SOLVED Storage Bottleneck

Mouftik · Jul 5, 2018

Hello everybody,

I am currently having some issues determining the issue of my FreeNAS server. I have read all threads on hardware recommendation and performance benchmarking but I am not able today to figure out what I am doing wrong.

My FreeNAS system have been running for almost 1 year now, but I have not used it so much, because I didn't fully trusted it and didn't find the time to investigate much. Also I wanted to be sure that my backup solution is safe.
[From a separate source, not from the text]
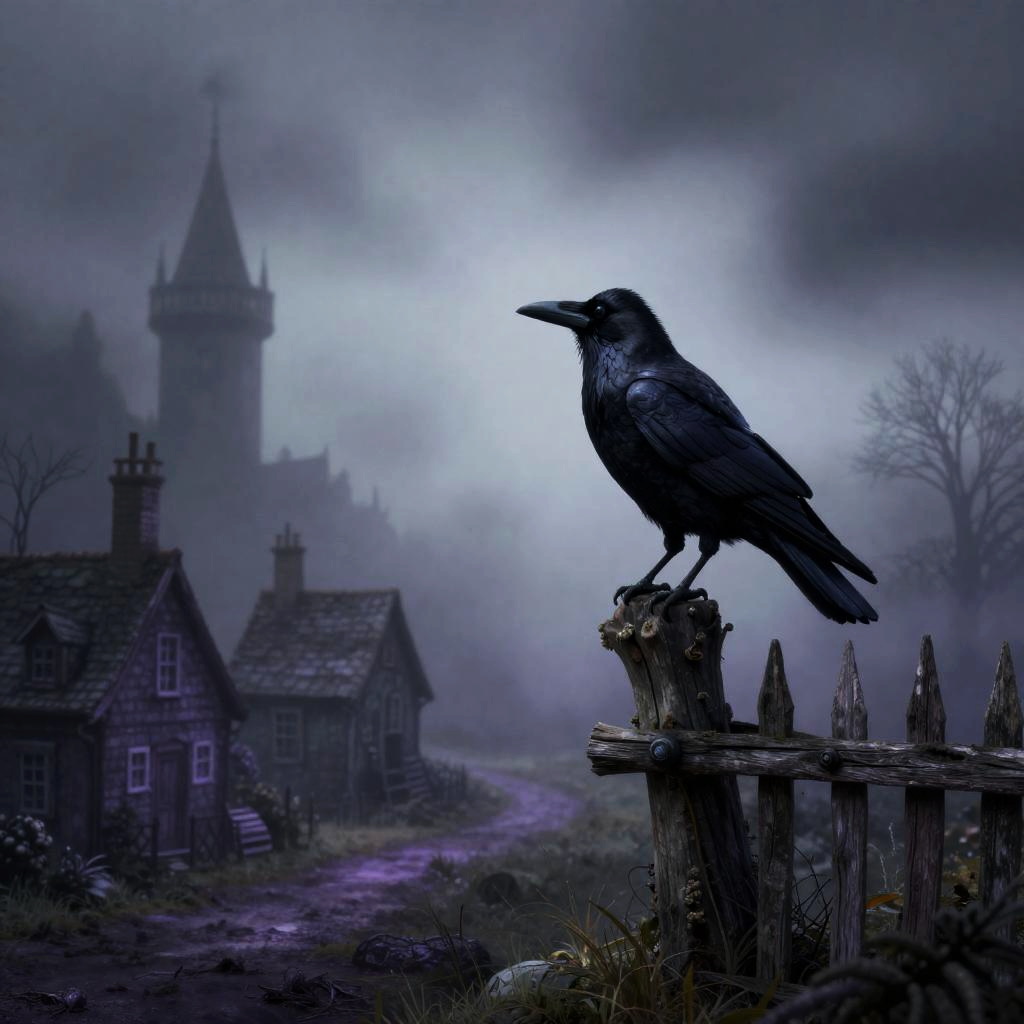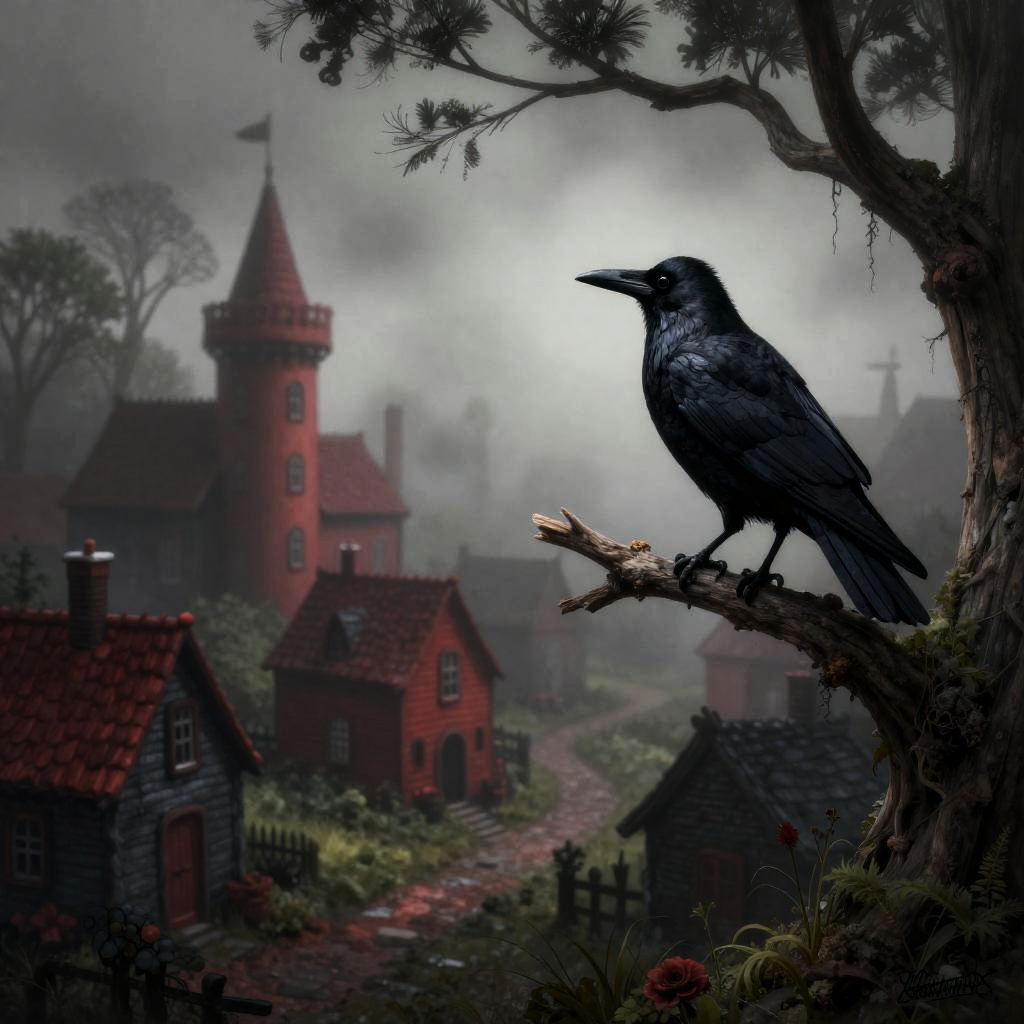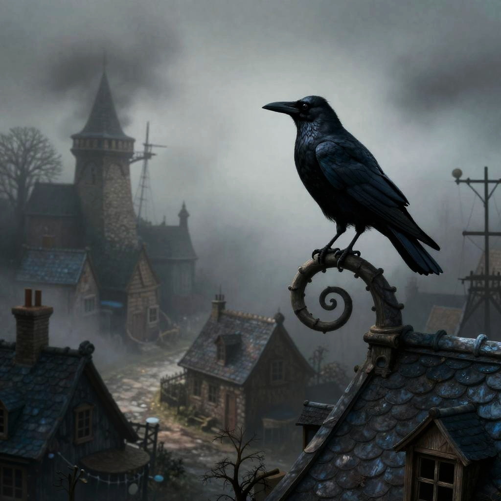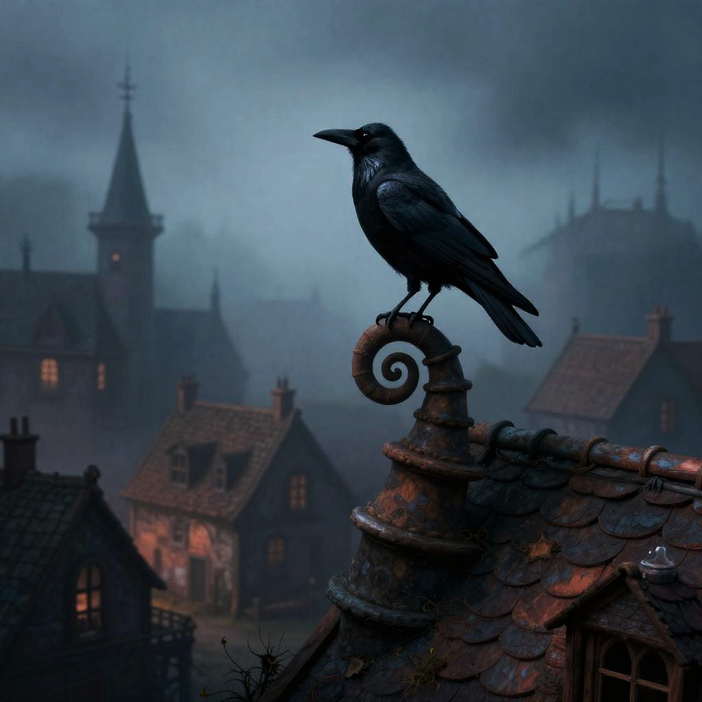 Whimsical art style inspired by Tim Burton, Edward Gorey depicting a somber crow perched on a spiraling rooftop, gazing down at a quaint but eerie village shrouded in fog, with dusky blues and burnt siennas giving a vintage aesthetic.

So to begin, my system is designed like that :
OS : FreeNAS 11.1-U5
CPU : Pentium G3220 @ 3Ghz
RAM : 32GB
Disks : 6* Seagate 4To drives in RAIDZ2

What I want to do with it :
- File sharing through NFS / SMB / AFP (Connected to LDAP)
- RSync module for my other off-site backup
- (Plex Server but it's only a plus service offered as I can remotely handle that via NFS and a more powerfull VM)
So I would want to serve AFP/SMB via one interface attached to my system (on one VLAN) and the NFS on a specific Storage VLAN.

My problem is the bandwidth I get through my system. I have tested my network through iperf and I get 950-980MBits per second which is not perfect but it's ok.
So I decided to test directly the performance of disks via the dd command like in this thread. As a result I get roughly 300MB/s in write speeds. I am a little bit surprised to not get better results but in RAIDZ2, data are written in N-2 disks so with 6 disks data are written to 4 which gives me 75MB/s each, fair enough.

But when I try to mount my dataset via NFS on a VM wired to the Storage VLAN network, and try to dd in it with the same command ... I get a max of 60MB/s. Not really stunning.
What I found weird is the RDD graph of my interface, even if I get a full 950MBits/s of throughput in the console (I tested FreeNAS as Server of Client), it shows 450MBits/second on my interface

I also tried to do a real world test, with large files, and also get this 60MB/s. And during this, my CPU didn't even get upper than 20% usage.

At this point I am a little bit disappointed, and don't know what could be wrong with my configuration. I mean, i hopped to saturate a gigabit link through this machine.
Did I need to tune some configuration as a basic (like using auto-tunables) ? Or maybee some packet fragmentation which slow NFS performances ?

Dice · Jul 5, 2018

What motherboard is used?
What NIC is used?

Mouftik · Jul 5, 2018

It's an Asus Z97-K motherboard with some Realtek NIC I think due to it's re0 name.
But even if I know the quality and love of Intel NIC in FreeNAS. But if I transfer a very large file through SMB, I have a consistent 112MB/s so I fully saturate the Gigabit connexion. The problem may appear only in NFS.

Mouftik · Jul 6, 2018

After further investigation, I am seeing something weird ... I've tested my disks and see nothing bad. Here is the results I have for dd commands (Dataset without compression and Sync disabled):

 $ dd if=/dev/zero of=tmp.dat bs=2048k count=10k

Results = 395 MBytes/s

 $ dd if=tmp.dat of=/dev/zero bs=2048k count=10k

Results = 456 MBytes/s

I thinks those results are not too bad ?
I also tested with sync enabled but ... only having 5MBytes/s difference.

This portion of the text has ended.